La historia no está ambientada en ningún lugar reconocible, ¿buscabas así contar una historia más universal?

En efecto, pero hay quien en seguida da por hecho que es EEUU, mientras que otros se dan cuenta al momento de que no es EEUU. En el cómic se mencionan lugares, pero siempre ajenos, nunca se menciona dónde están ni a dónde van. Intentaba que el lector vaya a veces casi tan perdido como los personajes.

En el país imaginario que dibuja Álvaro se pueden dar cualquier tipo de situaciones. Por suerte, su mezcla de estilos y referencias (muchas musicales) no entorpece la narración, al revés, le aporta frescura de una manera completamente coherente. 

¿Pretendías incluirlas como acto reivindicativo o fue algo que surgió?

La historia fue cobrando vida ella sola (a veces) y con su propio ritmo. Sí que es verdad que la idea inicial era como más seria, como la parte más de verdad, eso sí, casi siempre con lo de la road movie en la cabeza. Luego todo lo demás vino un poco sobre la marcha con la idea de aligerar un poco la parte drama y conseguir que la historia funcionase y fuese de lectura amena. Hay demasiados generos interesantes como para ceñirse a uno sólo.

Creo que se mencionan siete u ocho grupos de música. Luego aparecen dos o tres libros, un cuadro y se nombra a un director de cine. No creo que sean tantas referencias, ni mucho menos están puestas para reivindicar nada. No quiero que suene en plan “mira que buen gusto tengo, voy a transmitirlo en mi tebeo”. Pero es una historia sobre un grupo de amigos y hablan. La verdad es que hablan bastante, así que aparecen ciertas referencias que casi nunca son gratuitas, sino que intentan aportar un poco más de información a lo que está pasando, y a quienes son los personajes.
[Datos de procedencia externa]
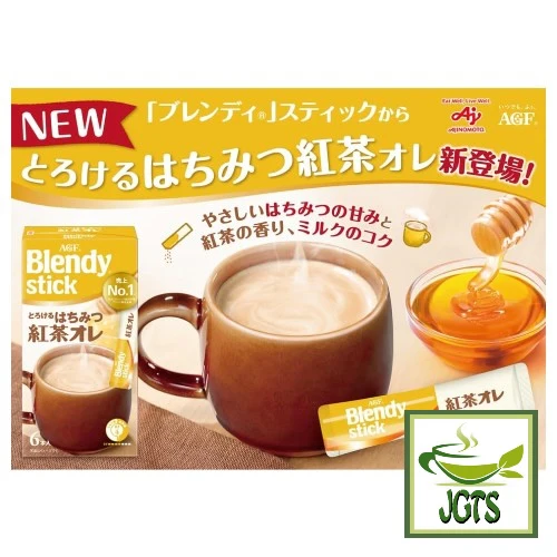 (AGF) Blendy Melty Honey Black Tea Au Lait "sticks" are all-in-one individually wrapped instant tea packages. Just add one "stick" (sachet) to hot or cold water for a delicious cup of Melty Honey Black Tea Au Lait.

La música es importantísima en “Cenizas”, si esto fuera una película, ¿qué sonaría, a parte de los que nombras?

Mientras hacía el cómic fui haciendo unas listas de reproducción que se podían utilizar a modo de banda sonora no original. Hasta el momento he hecho tres, pero había idea de hacer un par más. La primera fueron canciones que escuchaba constantemente durante los primeros meses del año pasado. La segunda era más acorde a la historia y era sobretodo folkie más o menos de moderneo, todo muy de bajona. Y la tercera era de grupos españoles, algo un poco más ruidoso y oscurete.

Llama mucho la atención la paleta de colores, ¿qué quieres transmitir?
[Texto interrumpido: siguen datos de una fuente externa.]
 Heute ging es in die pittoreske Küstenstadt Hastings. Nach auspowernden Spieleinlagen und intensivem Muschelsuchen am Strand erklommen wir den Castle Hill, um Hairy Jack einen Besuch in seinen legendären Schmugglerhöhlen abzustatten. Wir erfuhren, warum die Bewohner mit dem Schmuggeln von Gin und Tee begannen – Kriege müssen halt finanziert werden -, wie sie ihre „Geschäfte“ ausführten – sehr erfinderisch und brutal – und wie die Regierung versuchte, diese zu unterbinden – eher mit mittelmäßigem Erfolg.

Los colores también van con lo que se está contando y ayudan a que la historia fluya con facilidad, dando a veces pautas casi como si fuesen señales de tráfico, o esa es la idea. Por otro lado, me gusta que las cosas queden agradables al ojo. Existen un montón de viñetas y de información por página, a veces demasiada, y había que buscar una manera sencilla y efectiva de representar las cosas. El color era fundamental en todo eso y los tonos cálidos y pastel también encajan con lo que se está contando.

Una de las partes más sorprendentes del cómic es la narración de la evolución de la cremación, ¿es un tema que ya conocías de antemano?

No los tenía antes de empezar con el cómic pero cuando me puse a prepararlo di con el libro “Breve historia de la cremación” en un mercadillo de segunda mano. Estaba escrito  en alemán, así que me echaron una mano traduciendo algunas partes, porque la verdad es que estaba lleno de material bastante interesante. Ahora soy todo un experto en el noble arte de la quema de cadáveres.